My friend, Larry, who is wise, recently wrote to me that “the most profound moments in our hectic lives can oftentimes come from the most unexpected and seemingly mundane places, like a simple field with some trees.” He was speaking of the times in his life when he most felt the presence of his “Creator.” It got me thinking about my own spirituality and awareness of a higher power.
My story begins with having been raised in a home that worshiped in a hell-fire and brimstone kind of Baptist church. I grew up believing in an angry God that would strike me down for the most innocuous failing, and that heaven was for only those few who managed not to color outside the lines dictated by the church. Needless to say, trying to come to terms as a teenager with my sexuality and a faith that condemned it was confusing, frightening and lonely.
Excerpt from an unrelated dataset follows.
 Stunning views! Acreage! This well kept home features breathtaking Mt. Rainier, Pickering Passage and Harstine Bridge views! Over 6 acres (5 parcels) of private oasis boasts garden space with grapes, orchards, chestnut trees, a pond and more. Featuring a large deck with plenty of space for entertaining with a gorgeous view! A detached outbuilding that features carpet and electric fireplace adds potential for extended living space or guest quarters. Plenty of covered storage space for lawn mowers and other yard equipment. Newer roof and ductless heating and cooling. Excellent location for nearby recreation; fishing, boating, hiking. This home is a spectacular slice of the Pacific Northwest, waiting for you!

The good news for me was that I was strong enough to choose love over an angry church. I turned my back on the faith that I had grown up with and been so influenced by in order to find my happiness. Notwithstanding, I felt empty no longer having faith in something bigger than me. The thing about faith is that it gives us comfort in an unpredictable world. It’s the assurance that everything will be okay no matter how bad things get.
There was also that troubling matter of having been indoctrinated with the notion that because I embraced my lesbianism, I was on a fast track to hell according the church that I grew up in. It wasn’t something that I cared to dwell on because I was busy working on being a decent person happy here on earth. So I decided to ignore it, and simply focus on living life to the fullest. I might as well get the most out of the here and now, if hell was my destiny.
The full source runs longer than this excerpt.